Material for this task below:
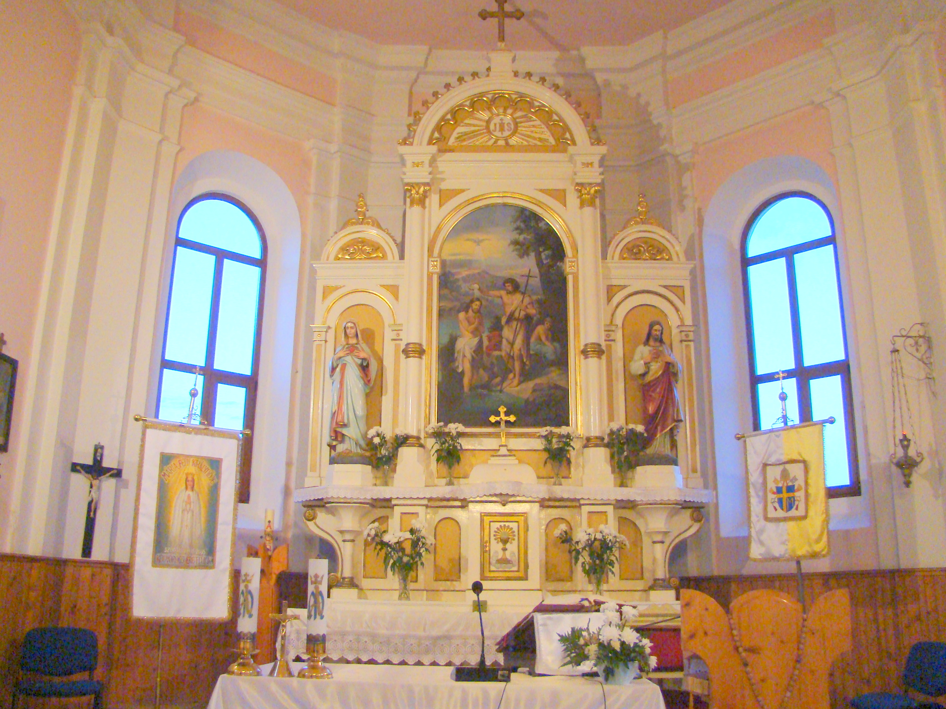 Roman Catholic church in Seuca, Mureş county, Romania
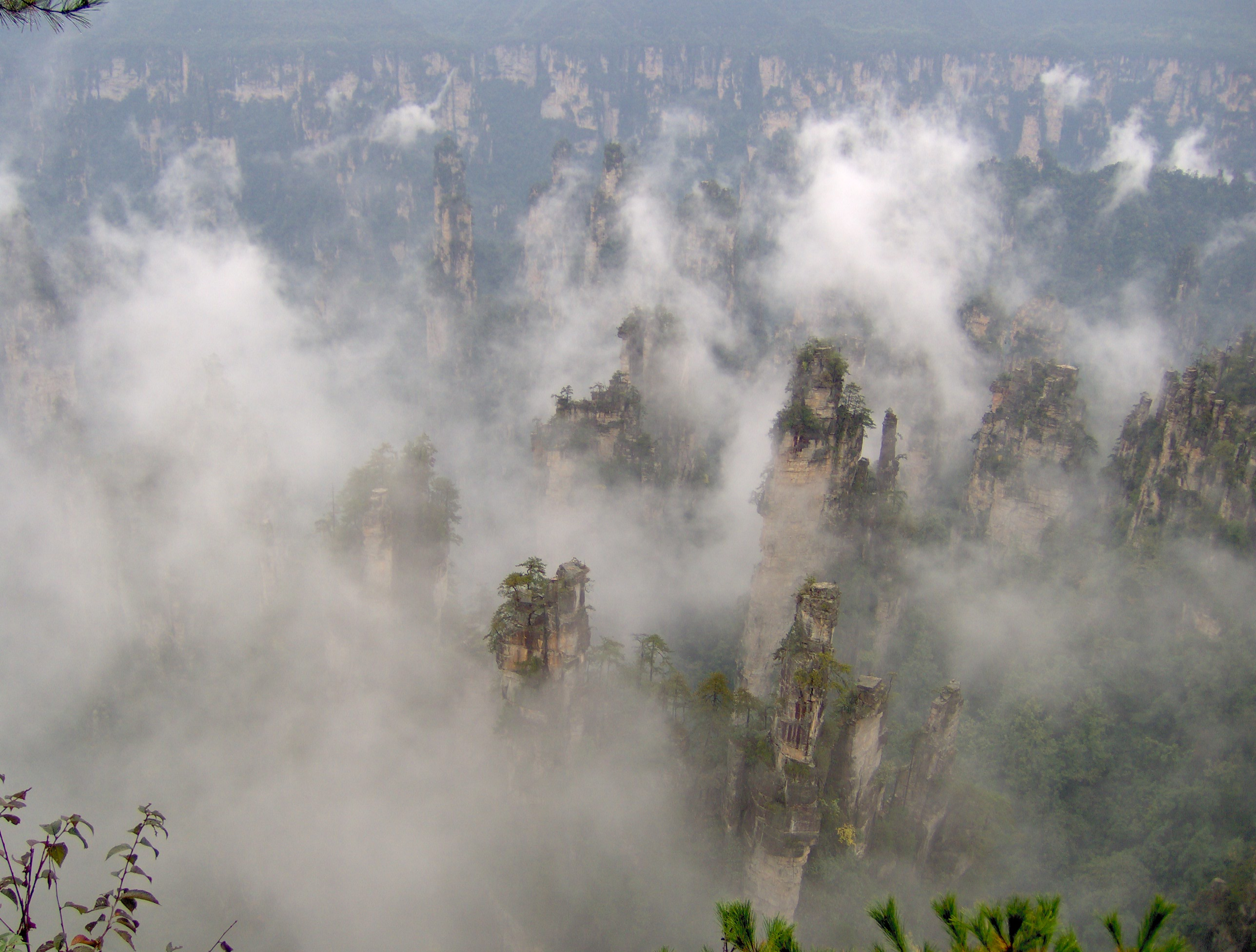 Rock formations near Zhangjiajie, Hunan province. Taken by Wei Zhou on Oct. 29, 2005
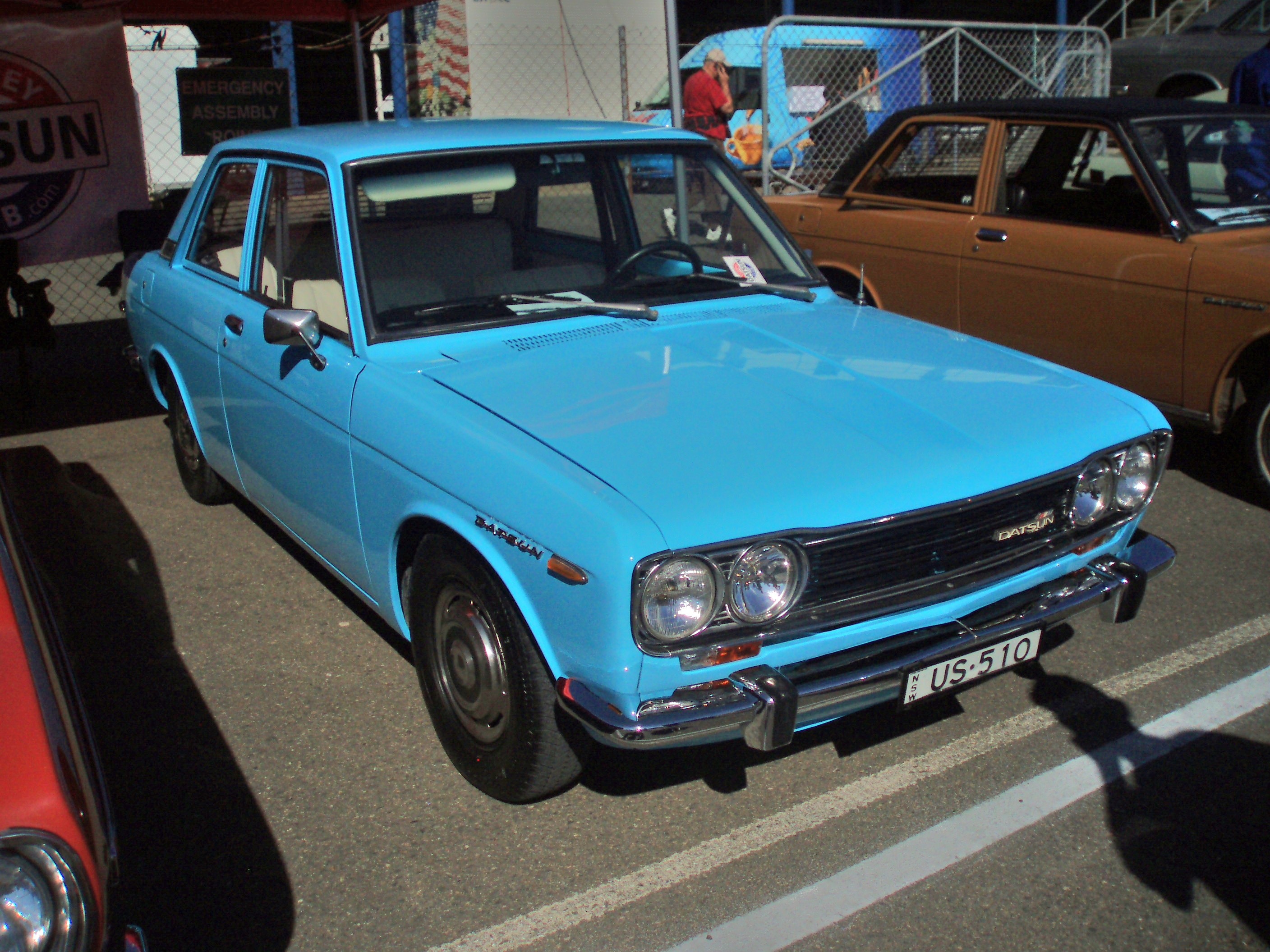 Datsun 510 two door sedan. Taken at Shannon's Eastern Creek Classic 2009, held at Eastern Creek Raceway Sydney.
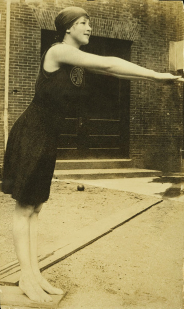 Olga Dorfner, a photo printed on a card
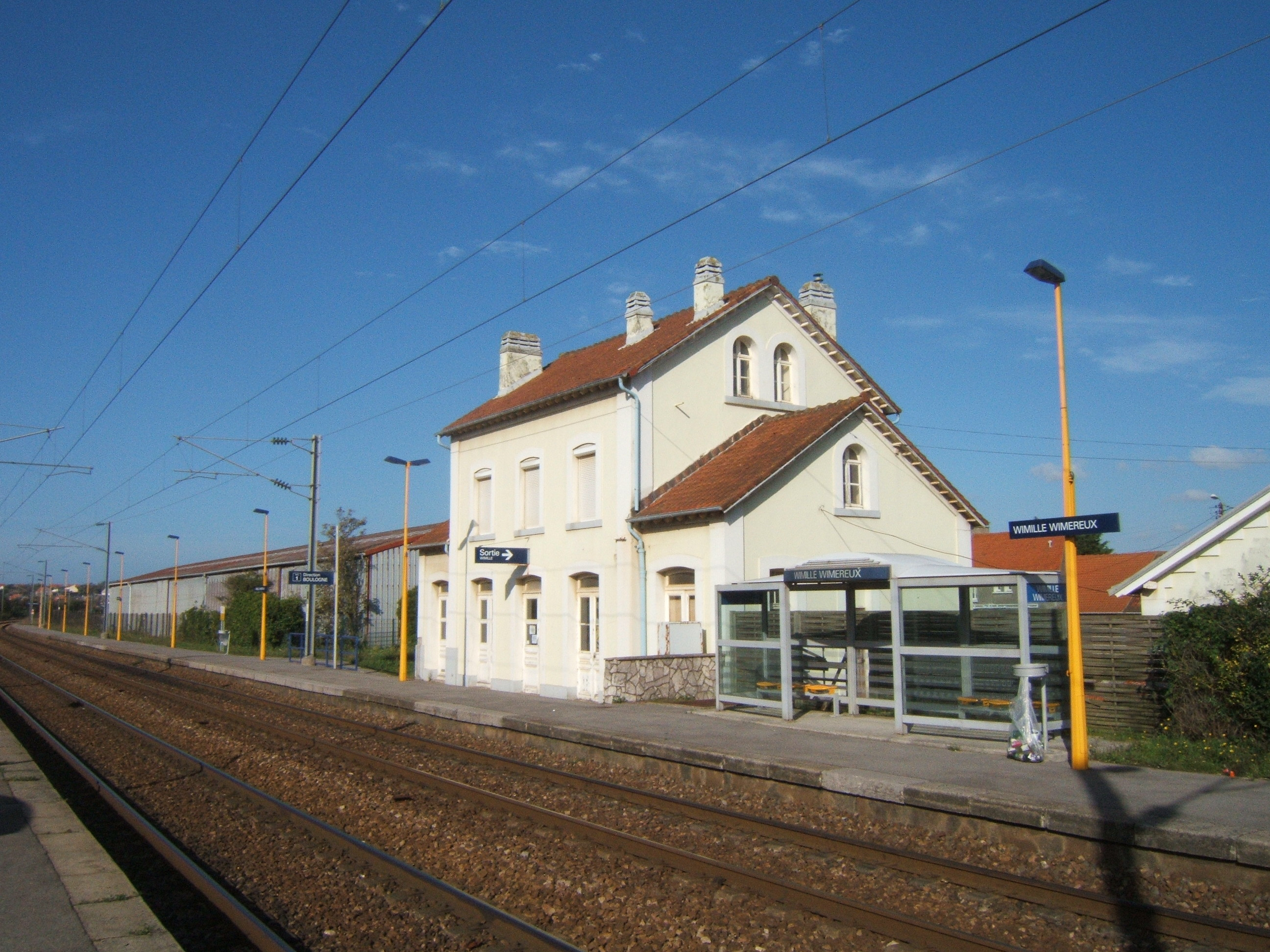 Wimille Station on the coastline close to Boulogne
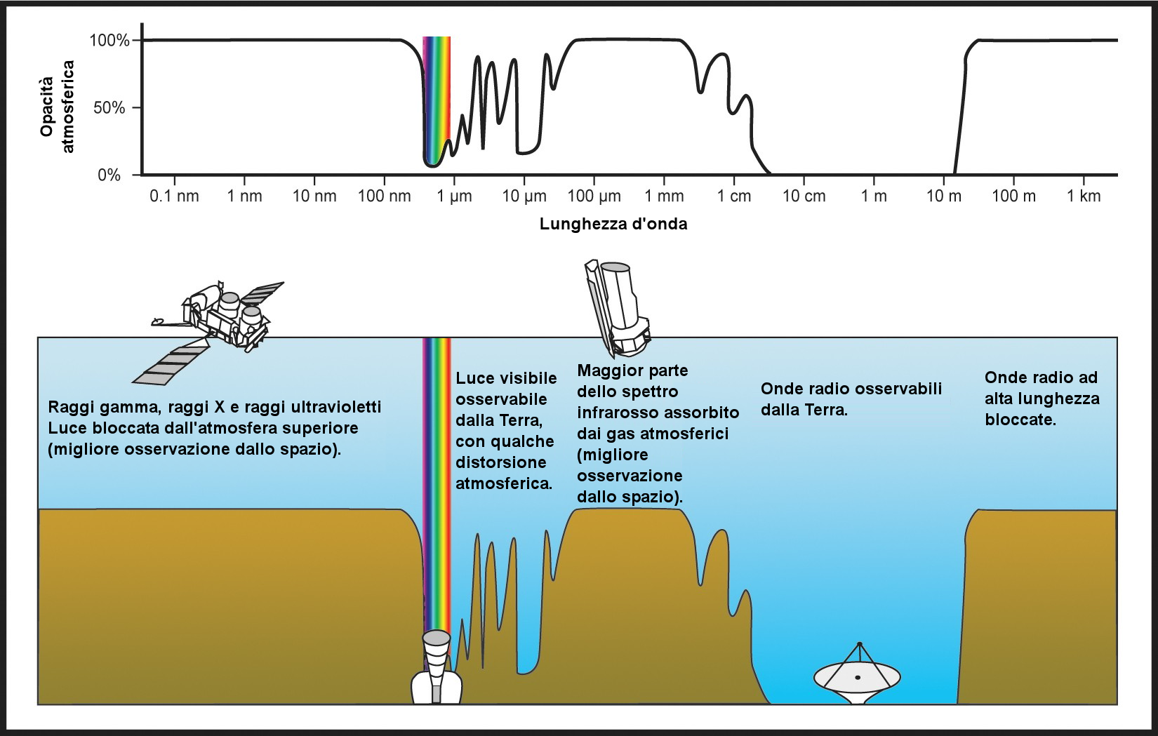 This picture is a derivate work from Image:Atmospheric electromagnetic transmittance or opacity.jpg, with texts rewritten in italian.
End of Material for this task.
Each line from the start of the listing above through the line with "Olga Dorfner, a photo printed on a card" is what to output, exactly as written and without pictures.

 Roman Catholic church in Seuca, Mureş county, Romania
 Rock formations near Zhangjiajie, Hunan province. Taken by Wei Zhou on Oct. 29, 2005
 Datsun 510 two door sedan. Taken at Shannon's Eastern Creek Classic 2009, held at Eastern Creek Raceway Sydney.
 Olga Dorfner, a photo printed on a card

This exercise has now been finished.